RoRo is a transport stream that comes mainly from Turkey and arrives there thanks to special conditions that go back to the special status that Trieste enjoyed after the end of the war. This is a great advantage, as it gives the port a monopoly position in the North Adriatic, which it already holds for crude oil. In the container sector, things are different. Since the 1990s, Trieste has always suffered from competition from Koper, mainly due to the difference in labor costs. This explains why a wild deregulation has taken place in Trieste, leading to precarious situations, working conditions and labor relations that are ranked among the worst in Italy.

In this way, the cost difference with Koper was to be compensated. With zero results. When D’Agostino arrived, he decided to put an end to this “Wild West” by taking advantage of a legal instrument that had recently come into force: the Labor Agency controlled by the Port Authority. In this way, he stabilized a number of workers by putting an end to precarity and illegality. In other port situations, some have thought of doing the same thing, perhaps forgetting the most important thing, which is that if you give stability to workers, you must also give them work. With the revival of traffic, due in large part to rail intermodality, the Port of Trieste has created work and employment, while in other port labor agencies it can happen that people are laid off for months at a time.

This situation has created a kind of implicit pact of cooperation between the Port System Authority and the agency’s labor representatives, a very anomalous situation in which employers and employees go hand in hand.

 

A pact that is now broken, or at least cracked…

I wouldn’t take that for granted. For some time now, a representative group, the CLPT [6], has been established in the port, becoming more and more visible and gradually appearing on the stage of urban politics, becoming – precisely because of the symbolic power inherent in the port unit – a kind of flag for the entire working class. In what way? By joining the spontaneous movements that arose in the city, first of all the independence movement, which has a long history in Trieste. However, it retained its autonomy and full freedom of action.

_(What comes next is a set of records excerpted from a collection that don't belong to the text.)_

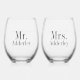 Mr. Mrs. Bride Groom Wedding Customized Stemless Wine Glass
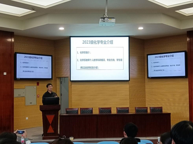 化学系主任舒文明老师结合专业特色,为同学们详细地介绍了化学(师范)专业团队力量、发展方向和专业特点等,还指出,公司化学(师范)专业已完成师范专业认证,这肯定了本专业的教学水平,也助力了同学们的未来就业。最后,舒文明老师对新生表达殷勤希望与嘱托,希望同学们认真做好专业选择和未来职业规划,祝愿同学们在长大度过充实且有意义的老员工活。
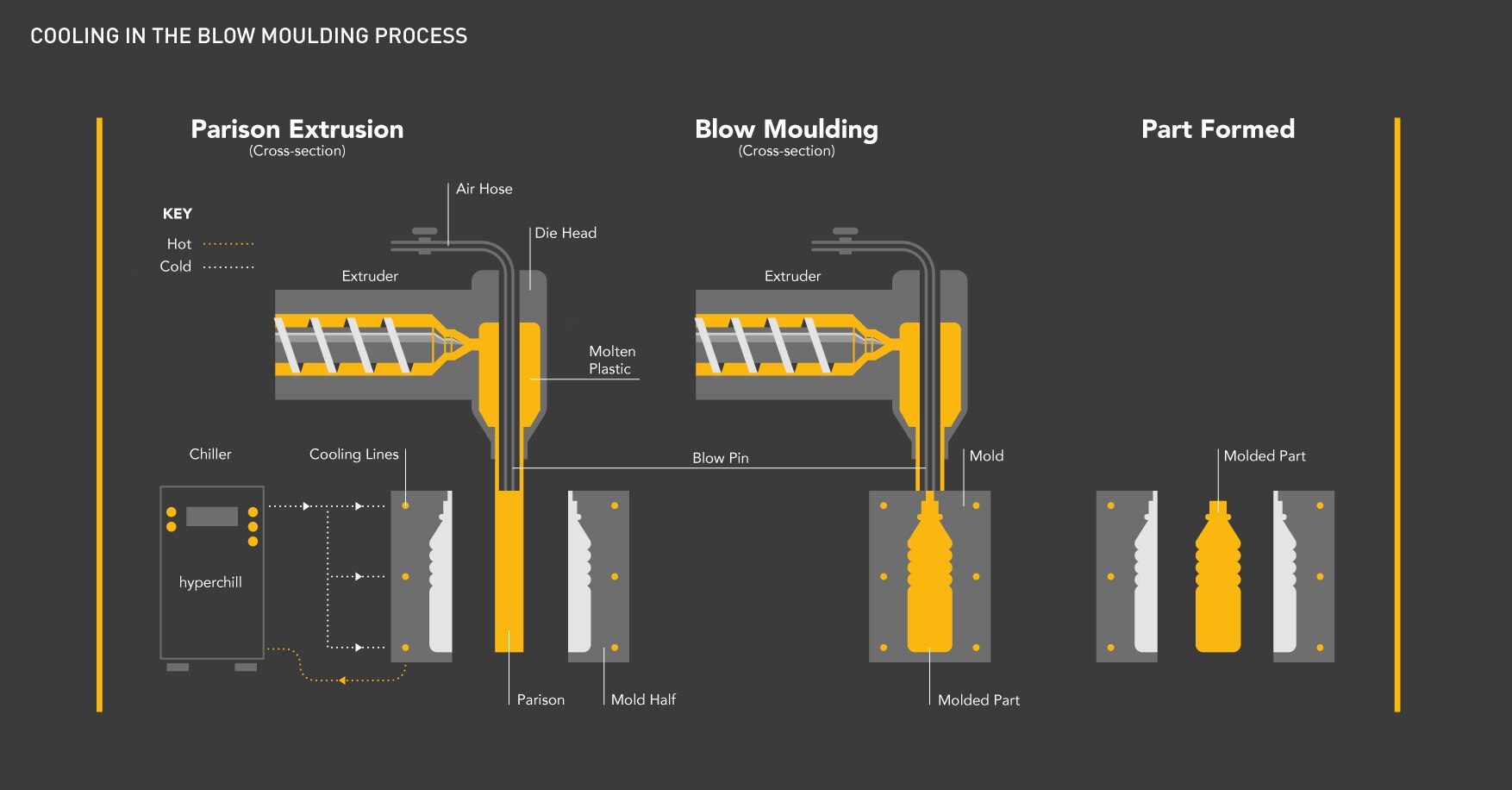 Because blow moulding typically uses an injection moulding technique to form the parison, the heat load from the hydraulic circuit powering the press must be removed.

Here Stefano Puzzer has shown his undisputed sense of “what is going on in the people”. When the ”No Green Pass, No Vax” movement emerged in April of this year, another condition was created for the CLPT to exercise its role in general and not only in the ports. We know what happened then: the blockade of the gates, the fight to the bitter end, the arrival of thousands of people from outside, the split within the CLPT, the transfer of the protest to the Prefecture, the creation of the October 15 Movement, the hasty cancellation of the announced demonstrations, the meeting with Minister Patuanelli and the demonstrations throughout Italy on Sunday, October 24, 2021.

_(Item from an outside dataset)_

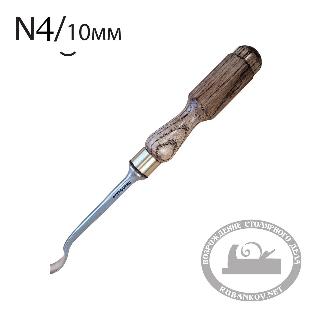 Стамеска для резьбы по дереву Петроград клюкарза N4, 10мм. Стамеска предназначена для создания ложек, кукс, а также прекрасно подойдет для резьбы по дереву. Стамески клюкарзы используются для выполнения глубокой барельефной резьбы. Также удачно подходят для декорирования деревянной поверхности. Производство Фабрика Петроградъ (Россия)
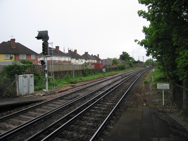 The station is on a slight curve, as can be seen from this photo from the western end of platform 1, looking east:

Along the way, day by day, the ”distinctions” grew, the demarcation from neo-fascist groups, the influx of people seeking publicity to enter politics, and an increasingly threatening tower of languages and slogans emerged. One cannot help feeling that behind the ”No to the Green Passport” there are increasingly other goals, other projects, and above all an explicit rejection of one’s own identity markers, which I imagined as people from Casa Pound [7] shouting ”Now and Always Resist” and others with ”Il Manifesto” in their pockets shouting ”an executioner who gives up.” The only ones who do not give up their identity profile, it seems to me, are the no-vax people who reaffirm their supremacy.

 

[1] Supporters of the ‘Forza nuova’ party (translator’s note).

[2] Conitati di Base (Base Committees; translator’s note).

[3] Associazione Consulenti Terziario Avanzato (translator’s note).

[4] Merger of the Fiat Chrysler and Groupe PSA automotive groups to form Stellantis N.V. in 2019 (translator’s note).

[5] Roll on Roll off. The cargoes are moved directly by truck to and from the ship (translator’s note).

[6] Coordinamento dei lavoratori del porto di Trieste (translator’s note).

[7] Casa Pound Italia (CPI) – neo-fascist movement in Italy that refers to Mussolini supporter Ezra Pound. It currently has about 20,000 members and propagates a ‘fascism of the third millennium’. (Translator’s note).